**WHAT THE TASK REQUIRES**
Look through the entries below and extract exactly the lines from the one containing "14 Jänner 2020: Entladen" through the one containing "Transfer von Gerät", ends included.

**RECORDED DATA**
________________________________________
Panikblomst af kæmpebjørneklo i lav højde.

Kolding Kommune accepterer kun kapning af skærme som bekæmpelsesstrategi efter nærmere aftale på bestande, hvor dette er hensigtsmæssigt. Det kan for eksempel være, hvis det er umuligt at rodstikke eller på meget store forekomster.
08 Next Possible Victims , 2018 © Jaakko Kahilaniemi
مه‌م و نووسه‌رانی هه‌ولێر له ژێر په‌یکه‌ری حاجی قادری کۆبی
________________________________________
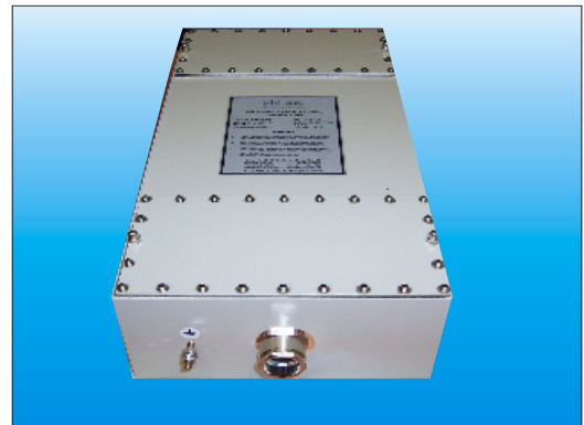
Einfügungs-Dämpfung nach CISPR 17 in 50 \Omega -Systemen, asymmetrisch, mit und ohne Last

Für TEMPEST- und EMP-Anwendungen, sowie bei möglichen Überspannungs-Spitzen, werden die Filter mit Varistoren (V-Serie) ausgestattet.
________________________________________
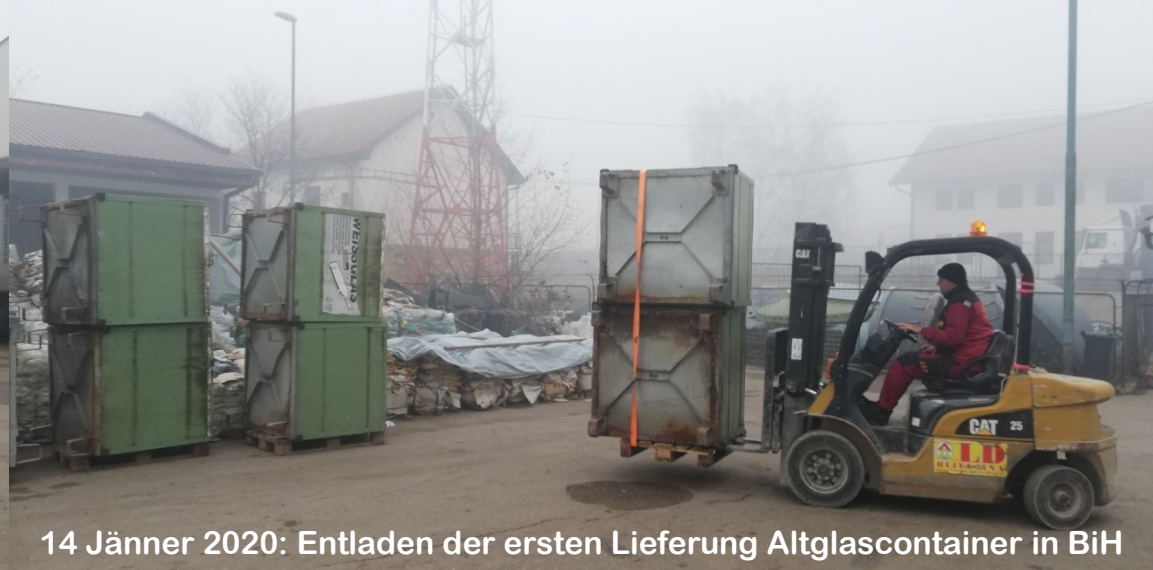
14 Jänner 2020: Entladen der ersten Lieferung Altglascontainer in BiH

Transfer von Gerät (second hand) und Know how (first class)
________________________________________
**ANSWER FOR THE TASK**
14 Jänner 2020: Entladen der ersten Lieferung Altglascontainer in BiH

Transfer von Gerät (second hand) und Know how (first class)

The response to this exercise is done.